Pediatric neurologists at Dalhousie University, Halifax, Nova Scotia, report an 8-year-old boy with rapid cognitive decline after a year-long course of valproate in varying dosages for myoclonic and atypical absence seizures. Sequential MRIs over a 1-year seizure free period revealed progressive brain atrophy and white matter signal changes. MR spectroscopy while taking valproate showed a normal lactate peak and a decreased N-acetylaspartate to creatine ratio. Tests for mitochondrial or neurodegenerative diseases and liver transaminases were normal. POLG gene testing detected no pathogenic variant. After discontinuing valproate, MRI and MR Spectroscopy, and cognitive and school function returned to baseline. He is currently seizure-free while taking clobazam monotherapy. [1]
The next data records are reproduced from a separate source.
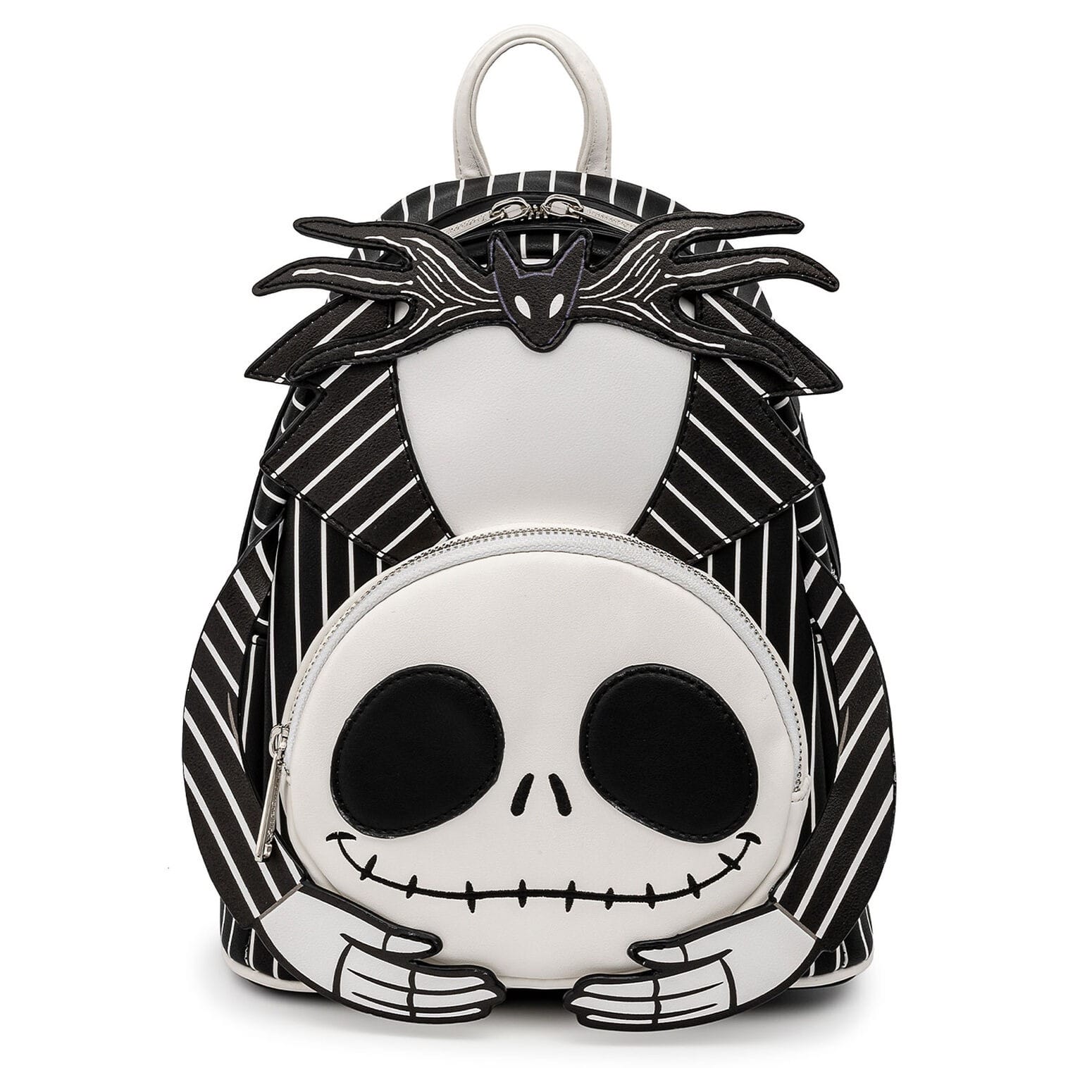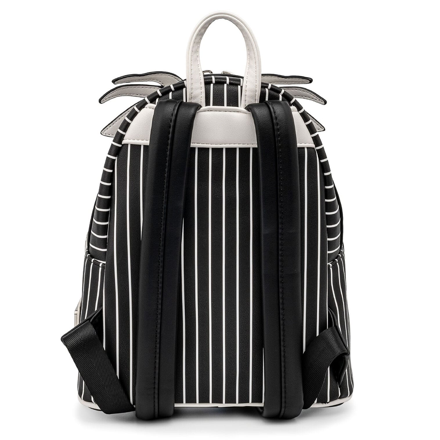 The Loungefly depicts Jack holding his own head, which acts as the front zip pocket. Dimensional arms on the sides hold the skull. Appliqués create his collar and bat bowtie. Most of the bag is pinstriped white and black. It has a white top carry handle and black shoulder straps.
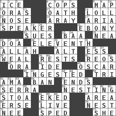 ACROSS 1. Frozen water 4. 911 reaches them 8. Atlas unit 11. Mouths or openings 13. Pledge 14. Hang loosely or laxly 15. Sense of smell 16. Like ___ of sunshine 17. Operatic vocal solo 18. Orator 21. Dark wood 22. Takes to court 23. Sound made by sheep 25. Teachers' org. 26. ___ good deed 29. Veterans Day date 32. Assad's deity 34. Keyboard modifier key 35. Curvy letter 38. Welt 39. Musical pauses 41. Vintage cars 43. Mouth or opening 44. Binary compound 45. Motion picture award 46. Eaten 50. Three (prefix) 51. Nanny (var.) 54. Prohibit 55. Conclusions 57. Father Junipero _ 59. Snuggling 63. Portico 64. Supplemented with great effort 67. Type of rug 68. Celtic language 69. Moving, as bait 70. A home for chicks 71. Born 72. Broke a traffic law 73. A female animal or person DOWN 1. Charged atoms 2. Riding implement 3. Relaxation 4. Unrefined 5. Boat paddle 6. Parent Teacher Assoc. 7. Like a shrinking violet 8. Person of subnormal intelligence 9. Place in a line 10. Beach, in Buenos Aires 12. Oceans 14. Experiment locale 19. Malaysian steamed pastry 20. Snakelike fish 21. Consume 23. Waist strap 24. Pismires 26. Simpleton 27. Margarine 28. Having or resembling wings 30. Flower holders 31. Possessive pronoun 33. Jai _ 36. Religious group 37. Fly high 39. Port city in Latvia 40. Locale of original sin 42. _ Lanka 45. Likelihood 47. Basketball assoc. 48. Looked after 49. Compass dir. 51. NE Netherlands city 52. Distance measurement (Brit.) 53. Came up 56. Comedian Laurel of Laurel & Hardy 58. Actress Charlotte 60. Angers 61. Delicate 62. Yard entry 64. Raised railways 65. Monetary unit of Laos 66. First lady
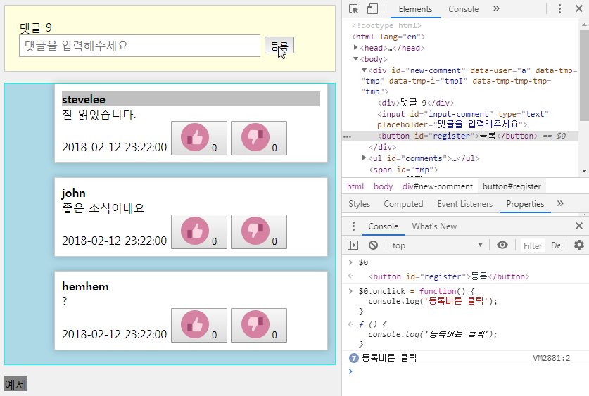 위의 데이터 조작이나 이벤트 핸들러 등도 이것을 응용해서 할 수 있다.
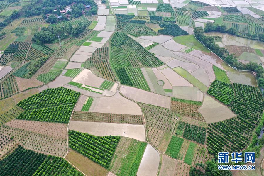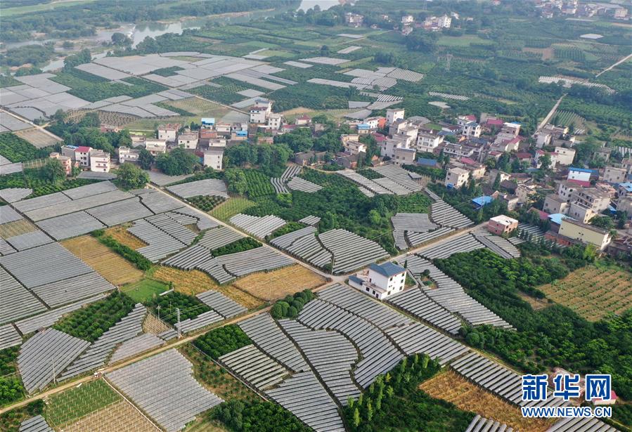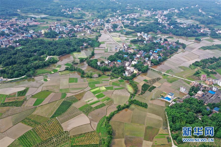 這是廣西全州縣鳳凰鎮(zhèn)鳳凰嘴渡口附近的田園(6月29日無人機拍攝)。  新華社記者 陸波岸 攝
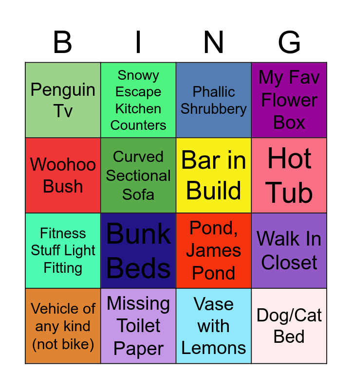 This bingo card has 16 words: Missing Toilet Paper, Walk In Closet, Phallic Shrubbery, Penguin Tv, Fitness Stuff Light Fitting, Snowy Escape Kitchen Counters, Pond, James Pond, Vase with Lemons, Woohoo Bush, Curved Sectional Sofa, Vehicle of any kind (not bike), My Fav Flower Box, Bunk Beds, Hot Tub, Bar in Build and Dog/Cat Bed.
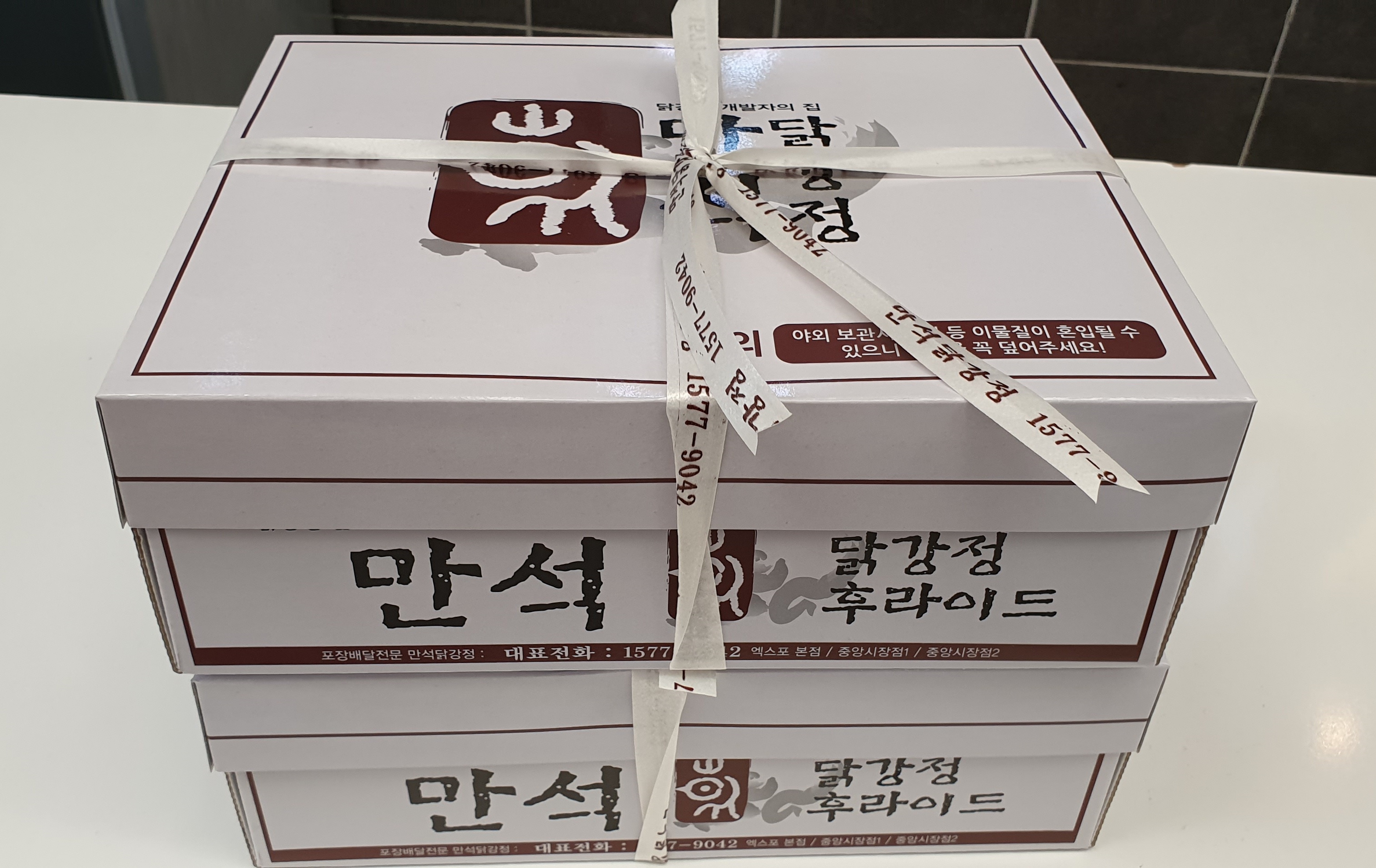 오랜 길 줄을 서서 어렵사리 닭강정을 구매한 후
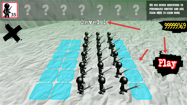 1、在Level1界面點擊右側Play按鈕開始游戲,可看到己方持矛小人陣列,需合理部署他們來應對戰斗。
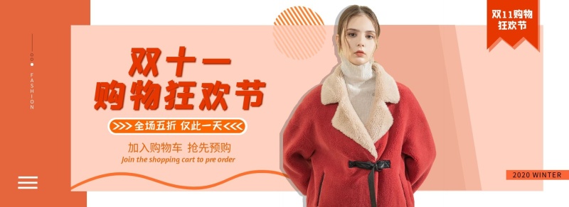 服装女装双十一购物狂欢毛妮大衣全屏海报
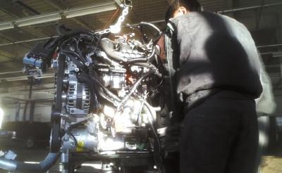 路虎4S店的工作人员正在更换变速箱。网络截图
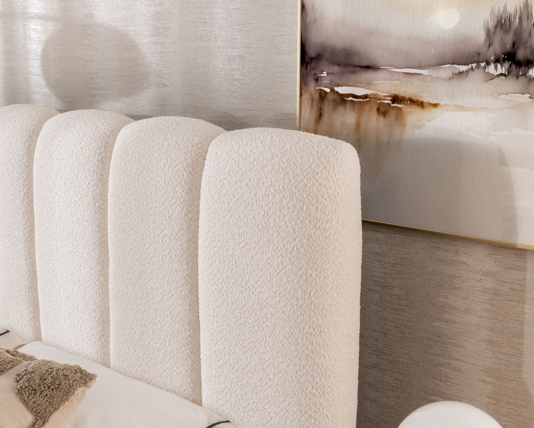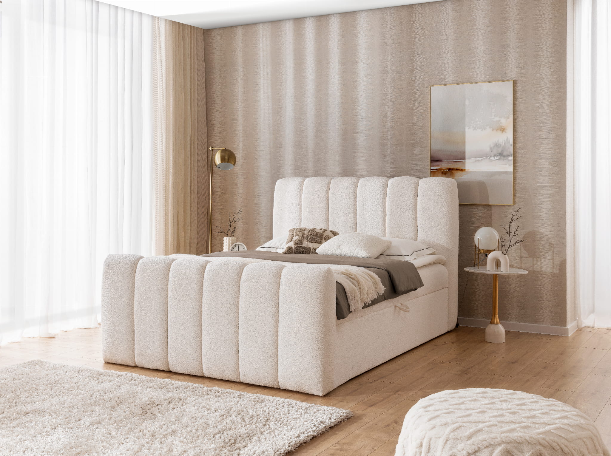 Verwandeln Sie Ihr Schlafzimmer in eine stilvolle Wohlfühloase! Das Boxspringbett CHLOE ist die perfekte Kombination aus modernem Design, höchster Bequemlichkeit und intelligenter Funktionalität. Ausgestattet mit einer hochwertigen Taschenfederkernmatratze und einem kuscheligen Topper, passt es sich der Körperform optimal an und sorgt für einen gesunden, erholsamen Schlaf. Das absolute optische Highlight ist der haptisch faszinierende Bouclé-Stoff sowie das elegant gesteppte Kopfteil, das zum gemütlichen Anlehnen beim Lesen oder Fernsehen einlädt.

COMMENTARY. Four types of valproate-induced encephalopathy are described: 1) Direct toxic encephalopathy; 2) hyperammonemic encephalopathy; 3) hepatic encephalopathy; and 4) encephalopathy with cognitive deterioration and reversible cerebral atrophy. Brain pseudoatrophy and mental regression while taking valproate is reported in a child with a rare mitochondrial DNA mutation [2]. The current and 5 previously reported cases support a role of VPA in triggering a reversible dose-dependent mental deterioration with brain pseudoatrophy in children with epileptic seizures. Search for mtDNA mutation should be considered in a child treated with VPA who shows an unexplained clinical worsening and atrophic cerebral changes on MRI.